On Fri, Aug 27, 2010 at 3:51 PM, Anne Archibald
<aarchiba at physics.mcgill.ca>wrote:

> On 27 August 2010 15:27, Sam Birch <sam.m.birch at gmail.com> wrote:
> >> Bandwidth selection is a hotly debated topic, at least in one
> >
> > dimension, so perhaps not just different methods but tools for
> >
> > diagnosing bandwidth selection problems would be nice - at the least,
> >
> > it should be made straightforward to vary the bandwidth (e.g. to plot
> >
> > the KDE with a range of different bandwidth values).
> >
> > Well by allowing them to use a custom bandwidth matrix they can vary it
> > themselves, no?
>
> Well, in principle, yes. But if the API forces them to construct an
> entirely new KDE object to change the bandwidth matrix, and if this
> object involves substantial additional data structures (e.g. a kd-tree
> holding the data points) this could be cumbersome.
>
> >> At the other end of the spectrum, for very dense KDEs, on the circle I
> >
> > found it extremely convenient to use Fourier transforms to carry out
> >
> > the convolution of kernel with points. In particular, I represented
> >
> > the KDE in terms of its Fourier coefficients, so that an inverse FFT
> >
> > immediately gave me the KDE evaluated on a grid (or, with some
> >
> > fiddling, integrated over the bins of a histogram). I don't know
> >
> > whether this is a useful optimization for KDEs on the line or in
> >
> > higher dimensions, since there's the problem of wrapping.
> >
> > That sounds very interesting. Sorry if I'm being dense (or just wrong, or
> > both), but do you convolve post-FFT or before? If before why does it make
> it
> > easier?
>
> Again, this is for work on the circle and for fairly dense data sets.
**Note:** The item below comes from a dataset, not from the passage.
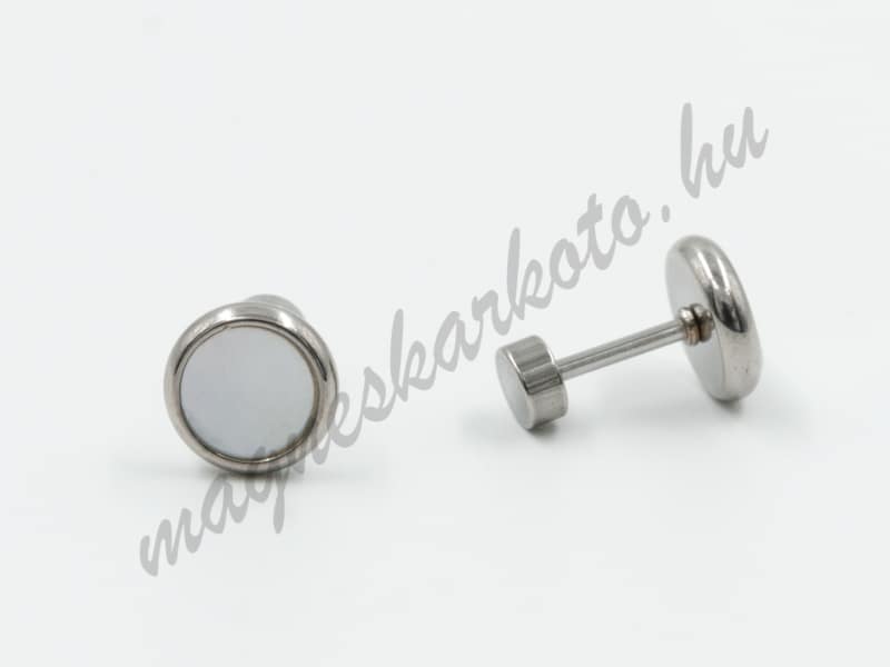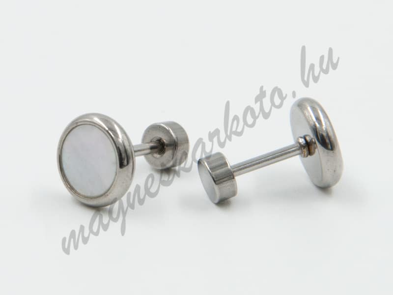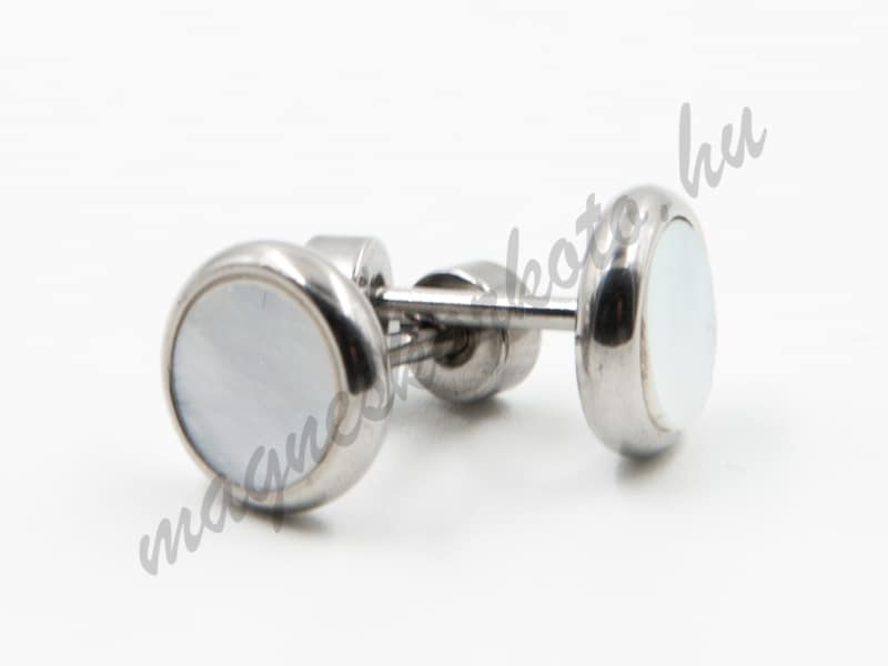 Orvosi rozsdamentes acélból készült ezüst színű bedugós fülbevaló, világos, gyöngyház jellegű berakással.
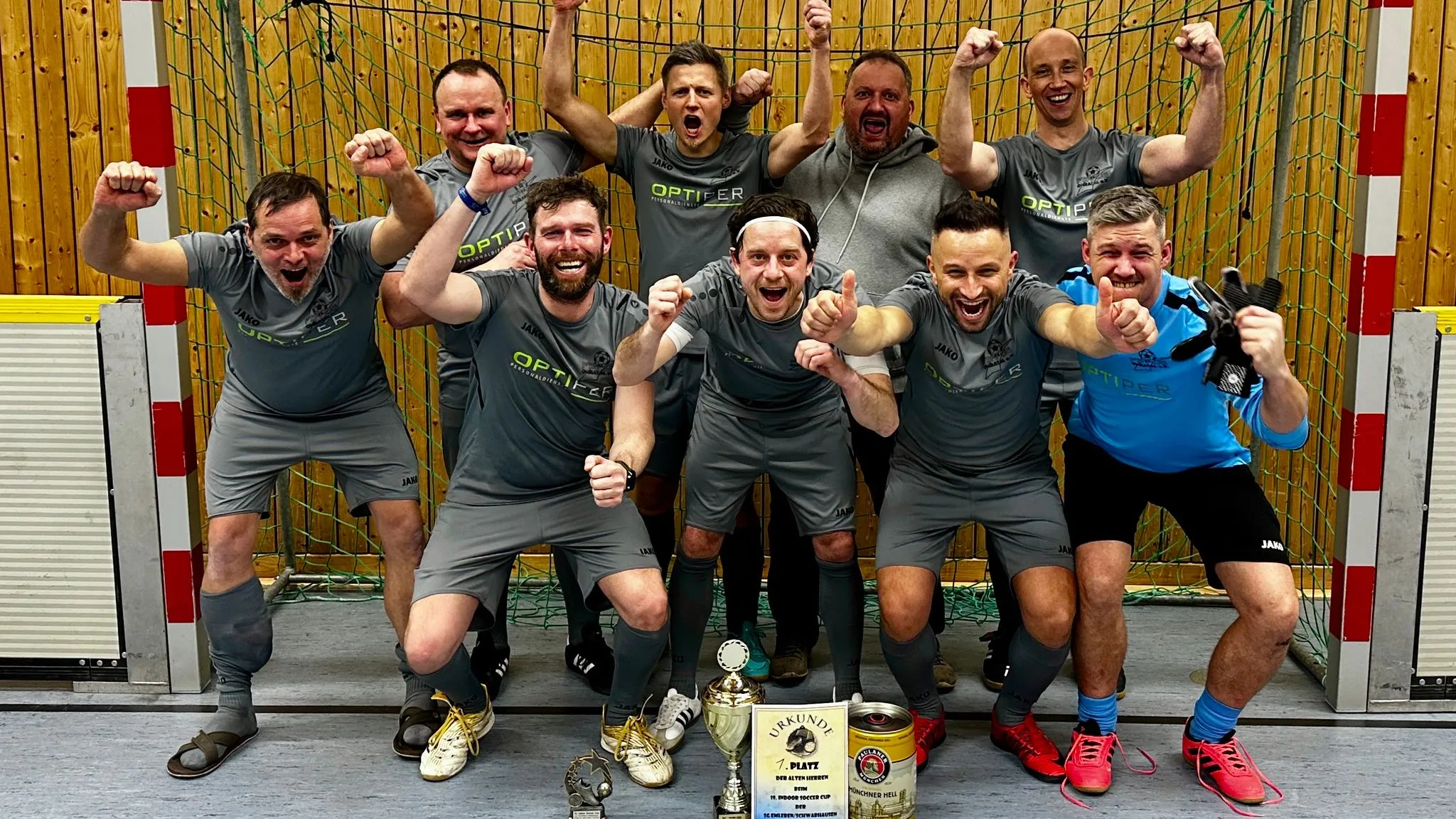 Abschließendes Spiel gegen den guten Gastgeber, immerhin hatten auch sie den Vorjahressieger Mikrofon Erfurt geschlagen, mit 3:1 gewonnen. Schnelle Führung durch Tino, prompter Ausgleich durch Emleben, aber die 12-Minuten Spielzeit sprach für uns. Viele Torchancen brachten am Ende zwei weitere Tore durch Tino und den hochverdienten und viel umjubelten Turniersieg.

> But in principle, the KDE as a function is the convolution of a forest
> of delta functions, one per point, with the kernel. The conventional
> way to evaluate this function at a point is simply to evaluate the
> kernel once per data point and add them up. To evaluate this on a
> grid, you evaluate the kernel once per grid point per data point and
> add. Naturally this can be expensive.
>
> My idea is that convolution of functions is simply multiplication of
> the Fourier transforms of those functions. So instead of storing a
> list of data points in my KDE object, I store a representation of the
> forest of delta functions in terms of their Fourier coefficients (the
> nth Fourier coefficient of a delta function at phase p is exp(2 pi i n
> p)). This is necessarily approximate, since I store finitely many
> Fourier coefficients, but it's not hard to store "enough". Now when I
> want to convolve this forest by a kernel, I simply multiply these
> Fourier coefficients by those of the kernel. The easiest "kernel" is
> the sinc function, for which I simply truncate the Fourier
> coefficients (which is why it's easy to have enough). We actually use
> this "kernel" a lot, even though it's not positive everywhere. A
> mathematically-better choice is the von Mises distribution, whose PDF
> is proportional to exp(k cos(x)) and whose Fourier coefficients can be
> written in terms of Bessel functions.
>
> Once you have the Fourier coefficients of the KDE, you can evaluate it
> at a point by taking a sum of sinusoids, but the key idea is that you
> can evaluate it on a grid by taking an inverse FFT. If you want
> integrals over intervals, well, that you just get by integrating
> sinusoids over intervals, so there's a messy but easily-derived way to
> work out the area in terms of the Fourier coefficients. This too can
> be nicely worked out on a grid, by fiddling the Fourier coefficients
> and taking an inverse FFT.
>
>
> To construct the FCs of the forest of delta functions, if I have
> photon arrival phases I just take a sum (which can be slow, but this
> isn't really time-critical). But it's also perfectly reasonable to
> start from a histogram and take an FFT. Crucially, the histogram need
> not be a reasonable-looking histogram - you can never have too many
> bins, since it's not a problem if all the bin counts are either zero
> or one. The only drawback here is that you introduce an error
> averaging to half a bin width on each photon arrival phase. But the
> KDE provides a check on this too - if your kernel width is much larger
> than the width of the input bins, then the errors you introduced
> probably don't matter much (leaving aside nasty issues with Moire
> patterns in the likely case that your input times were already
> binned).
>
> One thing to note here is that once you have the FCs, you can try
> various kernels and bandwidths without going back to your original
> data. (You can also get uncertainties on all the various computed
> quantities, and in fact you can usually turn around and not only start
> from a histogram but start from an array of values with uncertainties.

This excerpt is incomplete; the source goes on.